Submitted to: Meeting Abstract
Publication Type: Abstract only
Publication Acceptance Date: 3/1/2009
Publication Date: 3/27/2009
Citation: Mauget, S.A., Zhang, X.J., Ko, J. 2009. The value of ENSO forecast information to dual purpose winter wheat production in the US Southern High Plains[abstract]. Climate Prediction Science Application Workshop. March 24-27, 2009. Norman, Oklahoma. p. 37. Interpretive Summary:
Technical Abstract: The value of El Niño–Southern Oscillation (ENSO) forecast information to Southern High Plains winter wheat and cattle grazing production systems was estimated here by simulation. Although previous work has calculated average forecast value, our approach was to estimate probabilities of the value of single forecasts from value distributions associated with categorical ENSO forecast conditions. A simple ENSO phase forecast system’s value was compared with that of an ideal forecast method that exactly predicted the tercile category of regional November-March precipitation. Simulations were conducted for four price scenarios with wheat prices that randomly varied about a historical ($3.22 bu-1) and elevated ($7.00 bu-1) mean, and with returns on live weight gain consistent with the grain producer leasing pasturage or owning cattle. In the $3.22 bu-1simulations best practices for specific forecast conditions varied with cattle ownership conditions. However, the ENSO phase system’s value distributions were comparable to that of the perfect forecast system, thus more accurate regional precipitation forecasts may not lead to more forecast value at the farm level.

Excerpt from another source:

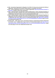■ IOM - International Organization for Migration (2.12.2024): On living costs and winterized clothing in Afghanistan, requested by the Austrian Federal Office for Immigration and Asylum ■ NPS - Naval Postgraduate School (o.D.d): Eastern Afghanistan, https://nps.edu/web/ccs/eastern-a fghanistan, Zugriff 8.2.2024 [Login erforderlich] ■ NSIA - National Statistic and Information Authority [Afghanistan] (7.2024): Estimated Population of Afghanistan 2023-2024, availiable in the archive of the Staatendokumentation [Estimated Population of Afghanistan 2023-2024, liegt im Archiv der Staatendokumentation auf] ■ NSIA - National Statistic and Information Authority [Afghanistan] (4.2022): Estimated Population of Afghanistan 2022-2023, availiable in the archive of the Staatendokumentation [Estimated Population of Afghanistan 2022-2023, liegt im Archiv der Staatendokumentation auf], https://cloud.staatendok umentation.at/index.php/apps/files/?dir=coi-cms-archive/9b/86&fileid=04439056o [liegt im Archiv der Staatendokumentation auf] ■ STDOK-OSIF - OSIF (Open Source Information)-Projekt der Staatendokumentation [Österreich] (8.9.2023d): Karte: Ostafghanistan, liegt im Archiv der Staatendokumentation auf, https://cloud.st aatendokumentation.at/index.php/apps/files/?dir=coi-cms-archive/9c/b3&fileid=04649135o, Zugriff 26.9.2023 [liegt im Archiv der Staatendokumentation auf] 21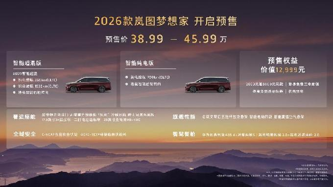 8月29日,第二十八屆成都國際汽車展覽會盛大開幕。全面煥新升級的“新時代旗艦MPV”2026款嵐圖夢想家預(yù)售亮相。本次新車共推出智能超混版和智能純電版兩個動力版本,預(yù)售價為38.99萬-45.99萬,同步推出了價值超萬元的多項(xiàng)重磅權(quán)益,包括2000元抵5000元尾款的膨脹金,終身免費(fèi)三電質(zhì)保、終身免費(fèi)基礎(chǔ)保養(yǎng)和優(yōu)先交付提車。9月1日起,2026款嵐圖夢想家展車、試駕車將陸續(xù)到店,消費(fèi)者可以進(jìn)店親自體驗(yàn)新車的獨(dú)特魅力。

In the $7.00 bu-1 simulations even perfect categorical forecasts produced only minor profit effects, which is attributed here to increased profit margins rather than increased wheat value. But under both wheat price conditions the best no-forecast baseline practices are also shown to have value relative to an arbitrarily chosen management practice. Thus following practices optimized to climatology and current price and cost conditions might increase profits when no forecast information is available.